Directions for this task:
Could you copy the records below exactly, leaving out any pictures?

[Collected data entries]

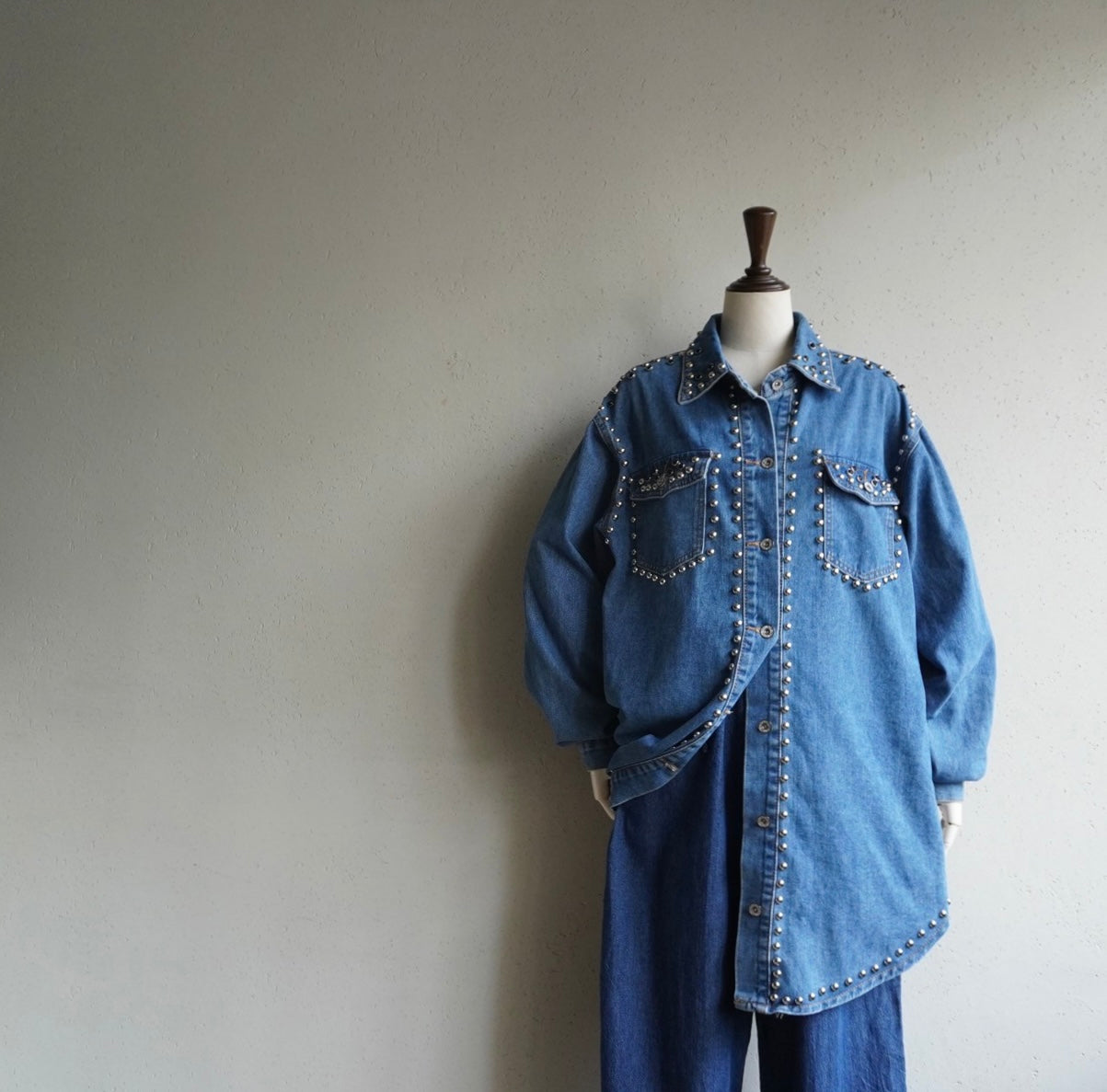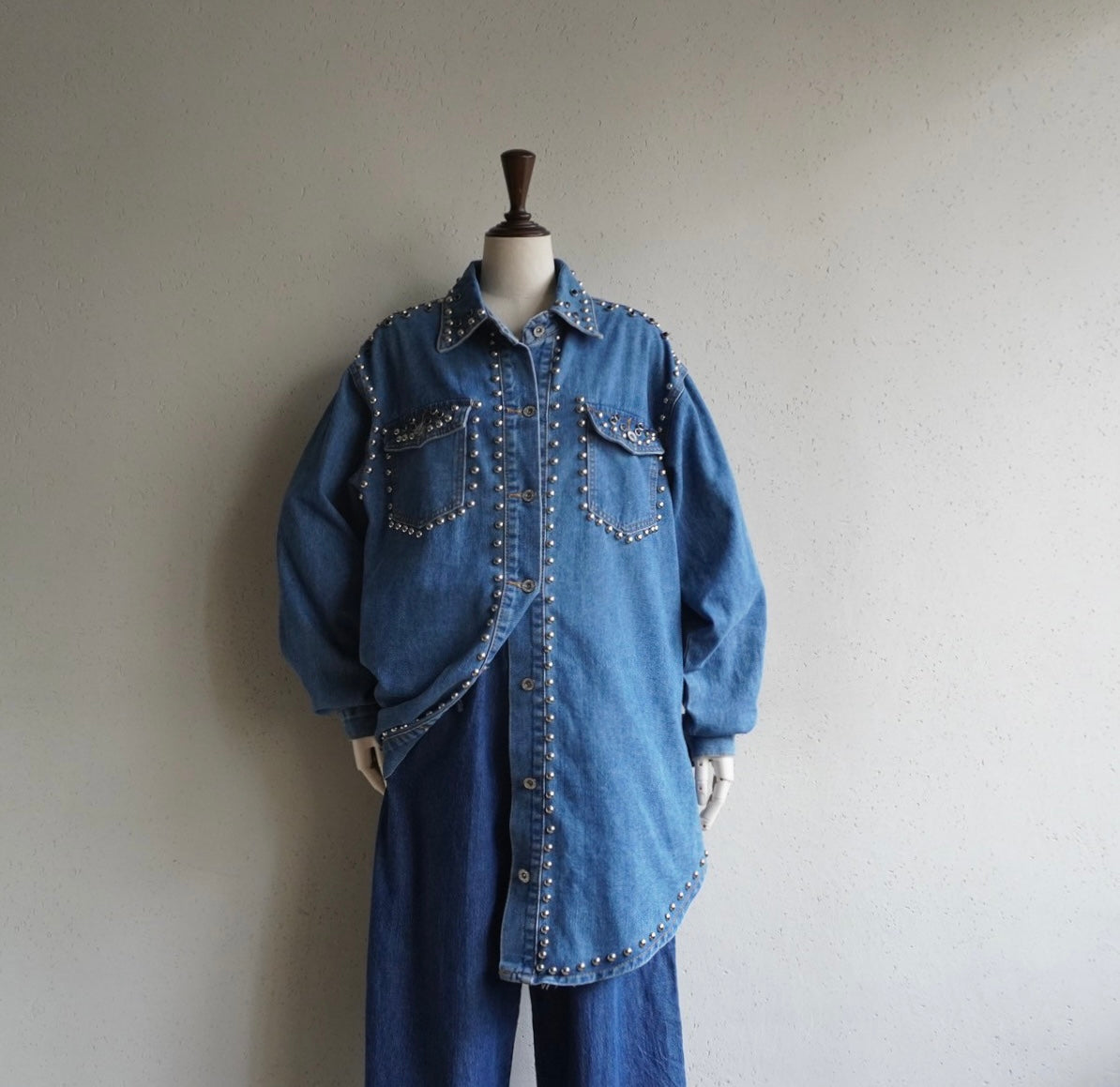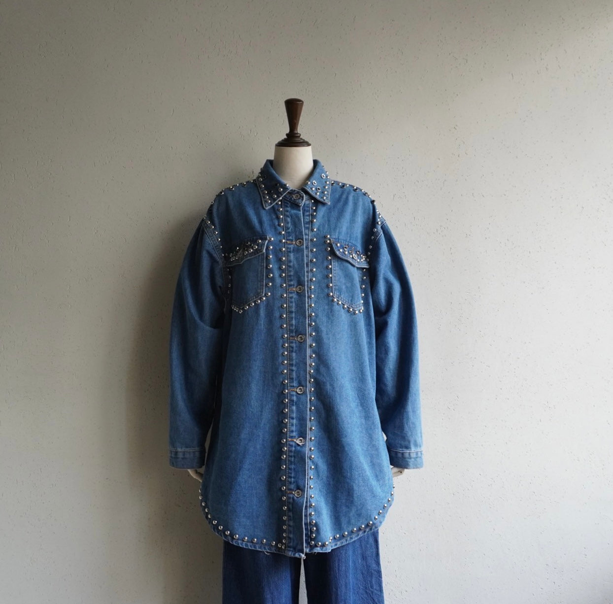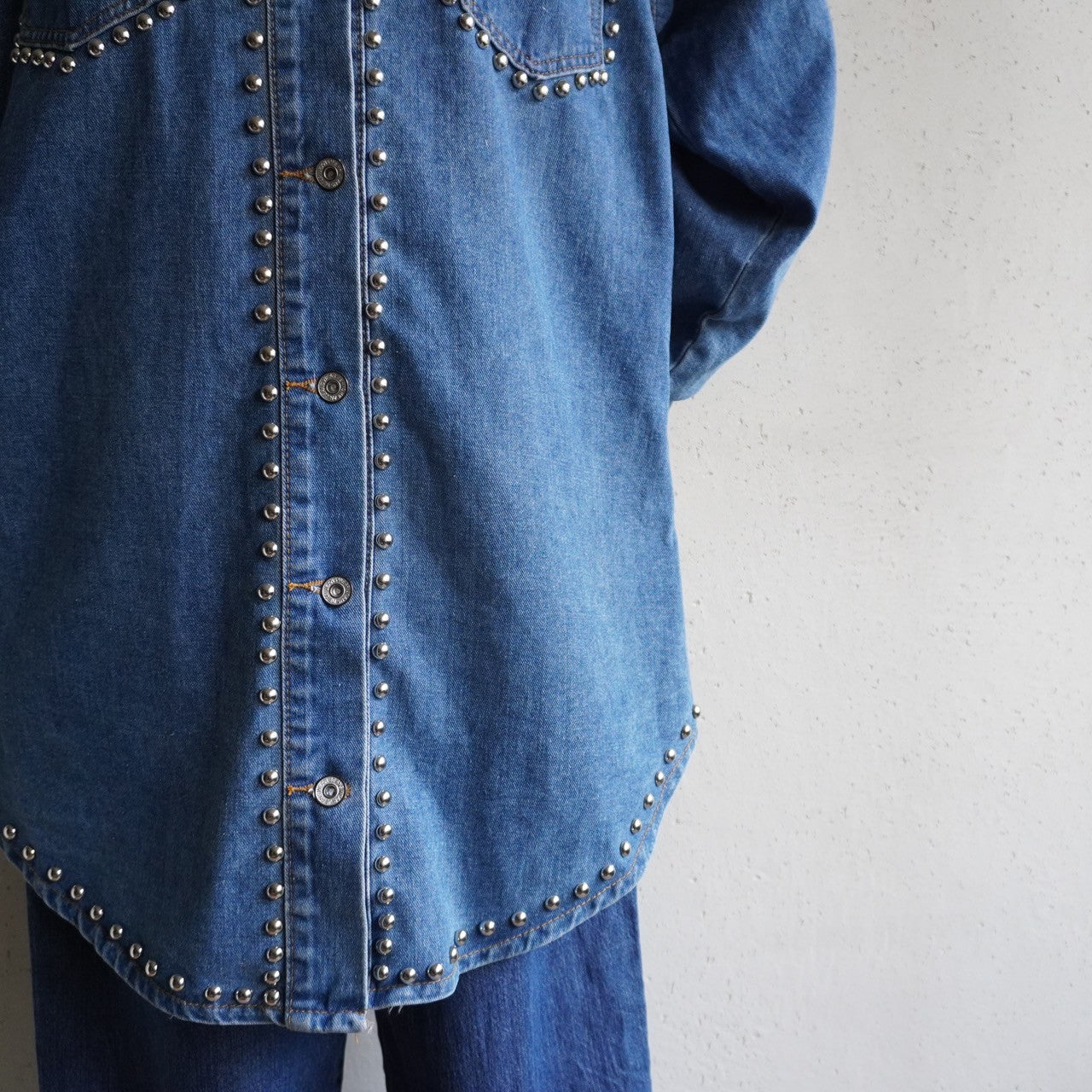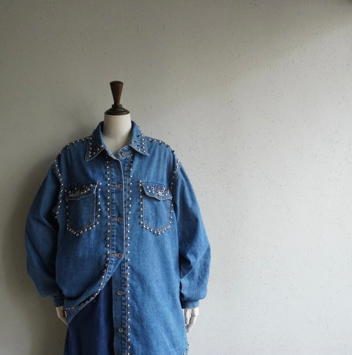 90s EURO Studs Design Denim Jacket,Shirt
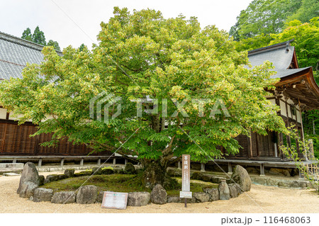 滋賀県東近江市 百済寺の境内で満開を迎え良い香りを放っている本堂前の千年菩提樹の木
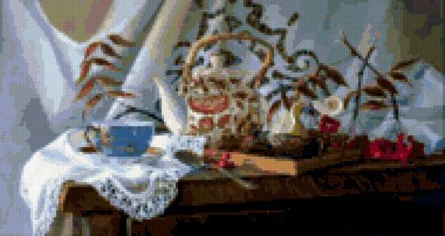 Ориентировочно так, схема вышивки «Чаепитие», созданная автором khersonkaira, будет выглядеть при отшиве на канве. Размер данной вышивки равен 190x101 крестов, при этом используется 58 цветов. К несчастью, автор не назначил для схемы ключевые слова. Также, вы можете взглянуть на оригинальную картинку, соответствующую данной схеме вышивки.
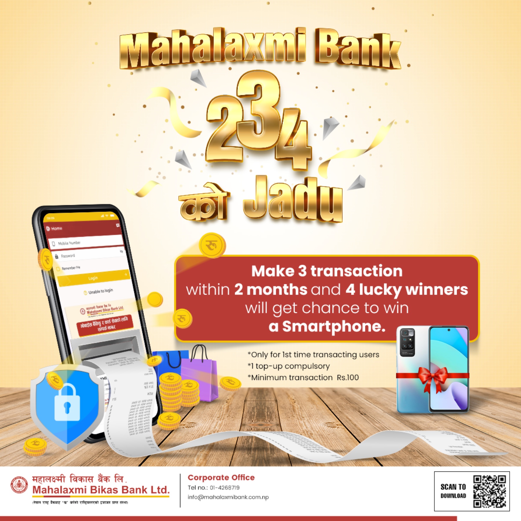 यस योजना अन्तर्गत महालक्ष्मी मोबाईल एप प्रयोग गरी दुई महिनासम्म तीन वटा कारोबार गर्ने ग्राहकहरु मध्ये भाग्यशाली चार ग्राहकहरुले स्मार्ट फोन प्राप्त गर्न सक्नेछन् । बैंकले यस योजना हालसम्म महालक्ष्मी मोबाईल एप प्रयोग नगरेका ग्राहकहरुलाई लक्षित गर्दै नोभेम्बर १, २०२२ देखी डिसेम्बर ३१, २०२२ सम्म सञ्चालन गर्न लागेको हो । ग्राहकले दुई महिनासम्म तीन वटा कारोबार गर्दा कारोबार रकम न्यूनतम रु.एक सय वा सो भन्दा माथि साथै कम्तीमा पनि एउटा कारोबार मोबाईल टपअपको हुनुपर्ने बैंकले जनाएको छ ।
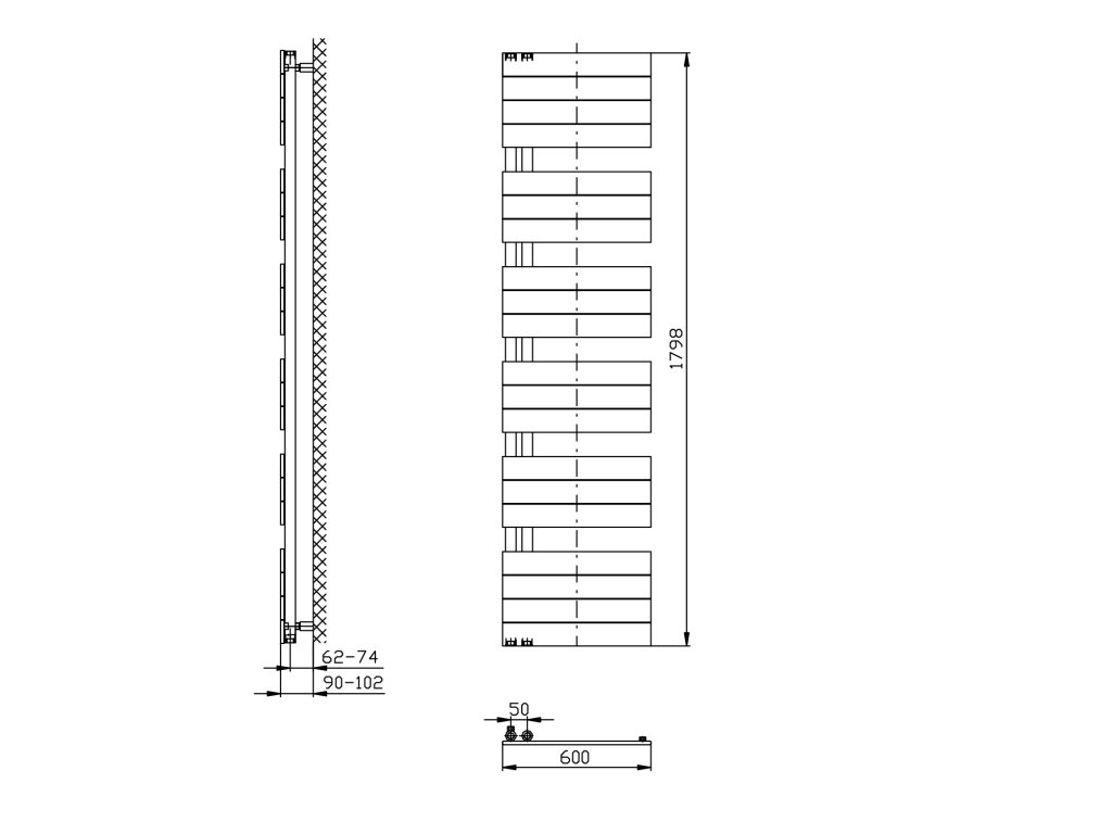 MILI vykurovacie teleso 600x1798mm, čierna mat
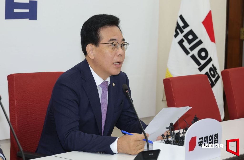 송언석 국민의힘 비상대책위원장 겸 원내대표가 6일 국회에서 열린 현안 관련 기자간담회에서 발언하고 있다. 2025.8.6 김현민 기자
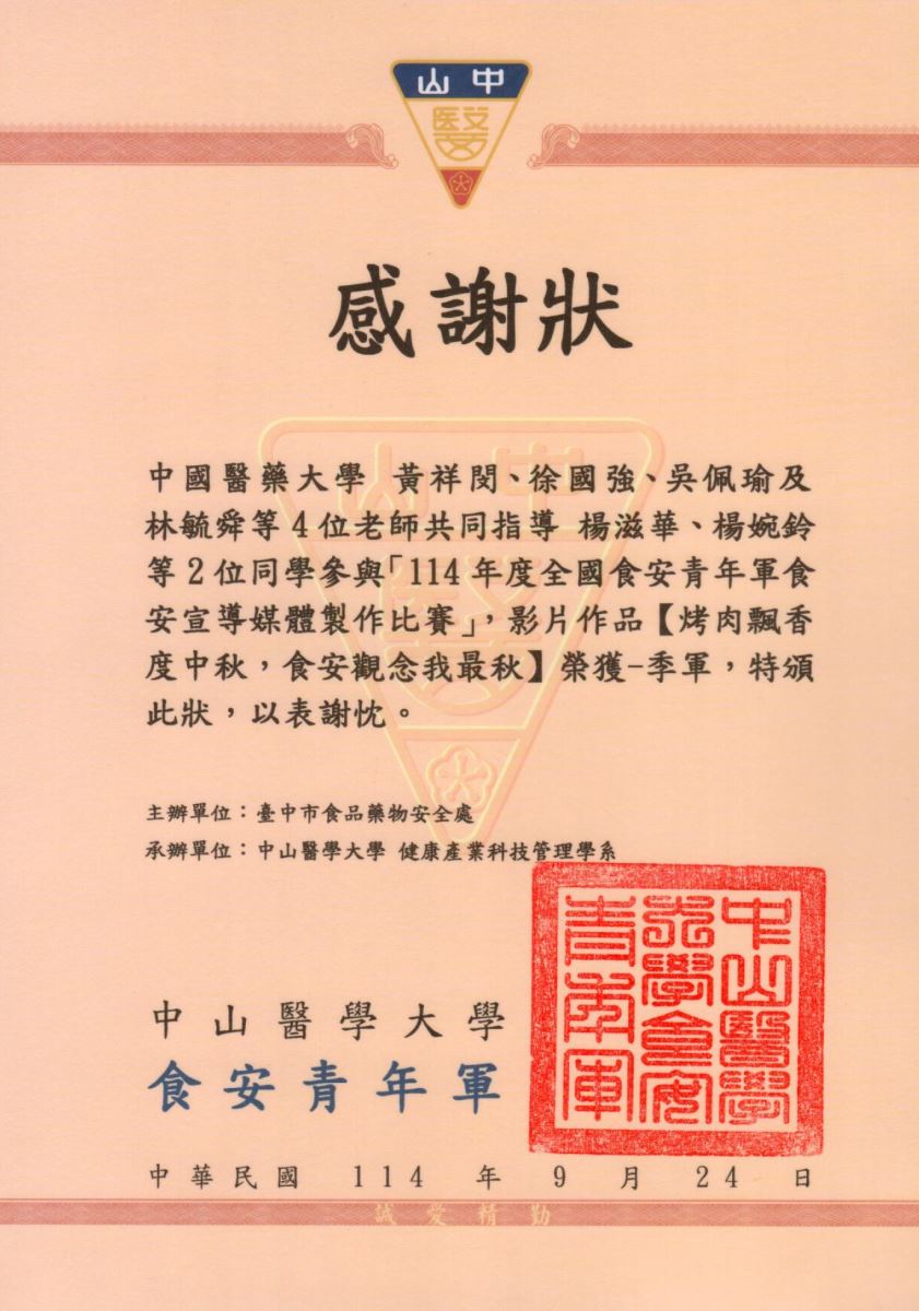 - 114年度全國食安青年軍「節慶好食光,食安靠你扛!」宣導影片比賽第三名--烤肉飄香度中秋,食安觀念我最秋--楊滋華、楊婉鈴,指導老師:黃祥閔、徐國強、吳佩瑜、林毓舜
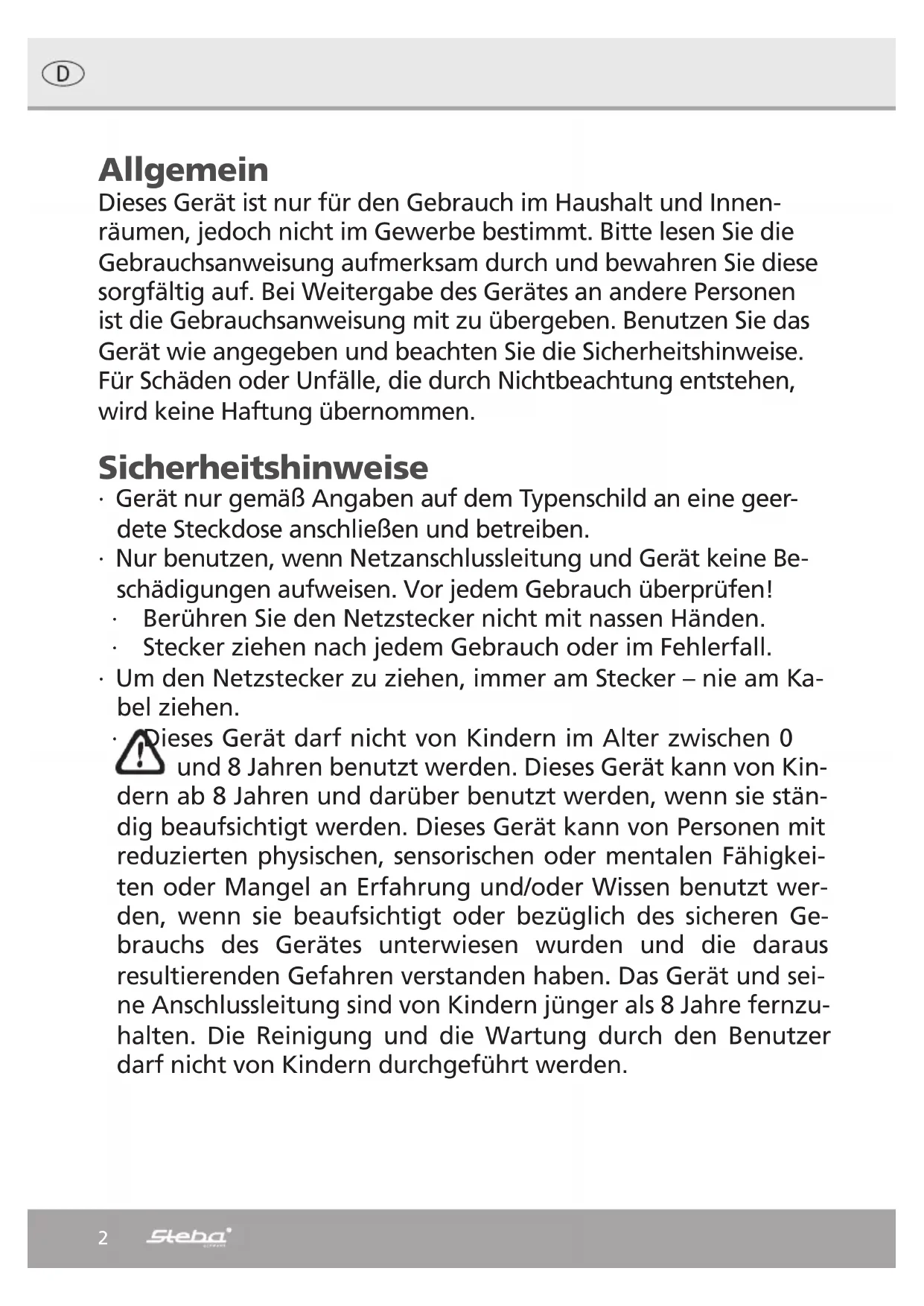 Finden Sie kostenlos die Bedienungsanleitung des Geräts FGN 2.0 XXL STEBA als PDF.
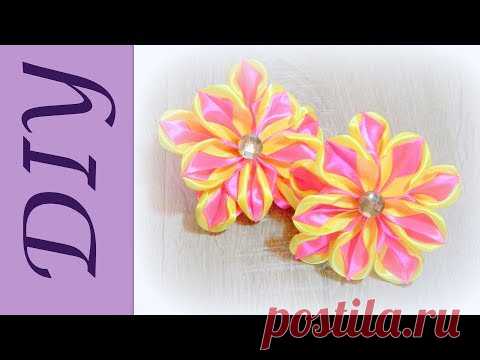 Цветок канзаши с тонкой лентой/Kanzashi flower with thin ribbon

Output below:
 90s EURO Studs Design Denim Jacket,Shirt
 滋賀県東近江市 百済寺の境内で満開を迎え良い香りを放っている本堂前の千年菩提樹の木
 Ориентировочно так, схема вышивки «Чаепитие», созданная автором khersonkaira, будет выглядеть при отшиве на канве. Размер данной вышивки равен 190x101 крестов, при этом используется 58 цветов. К несчастью, автор не назначил для схемы ключевые слова. Также, вы можете взглянуть на оригинальную картинку, соответствующую данной схеме вышивки.
 यस योजना अन्तर्गत महालक्ष्मी मोबाईल एप प्रयोग गरी दुई महिनासम्म तीन वटा कारोबार गर्ने ग्राहकहरु मध्ये भाग्यशाली चार ग्राहकहरुले स्मार्ट फोन प्राप्त गर्न सक्नेछन् । बैंकले यस योजना हालसम्म महालक्ष्मी मोबाईल एप प्रयोग नगरेका ग्राहकहरुलाई लक्षित गर्दै नोभेम्बर १, २०२२ देखी डिसेम्बर ३१, २०२२ सम्म सञ्चालन गर्न लागेको हो । ग्राहकले दुई महिनासम्म तीन वटा कारोबार गर्दा कारोबार रकम न्यूनतम रु.एक सय वा सो भन्दा माथि साथै कम्तीमा पनि एउटा कारोबार मोबाईल टपअपको हुनुपर्ने बैंकले जनाएको छ ।
 MILI vykurovacie teleso 600x1798mm, čierna mat
 송언석 국민의힘 비상대책위원장 겸 원내대표가 6일 국회에서 열린 현안 관련 기자간담회에서 발언하고 있다. 2025.8.6 김현민 기자
 - 114年度全國食安青年軍「節慶好食光,食安靠你扛!」宣導影片比賽第三名--烤肉飄香度中秋,食安觀念我最秋--楊滋華、楊婉鈴,指導老師:黃祥閔、徐國強、吳佩瑜、林毓舜
 Finden Sie kostenlos die Bedienungsanleitung des Geräts FGN 2.0 XXL STEBA als PDF.
 Цветок канзаши с тонкой лентой/Kanzashi flower with thin ribbon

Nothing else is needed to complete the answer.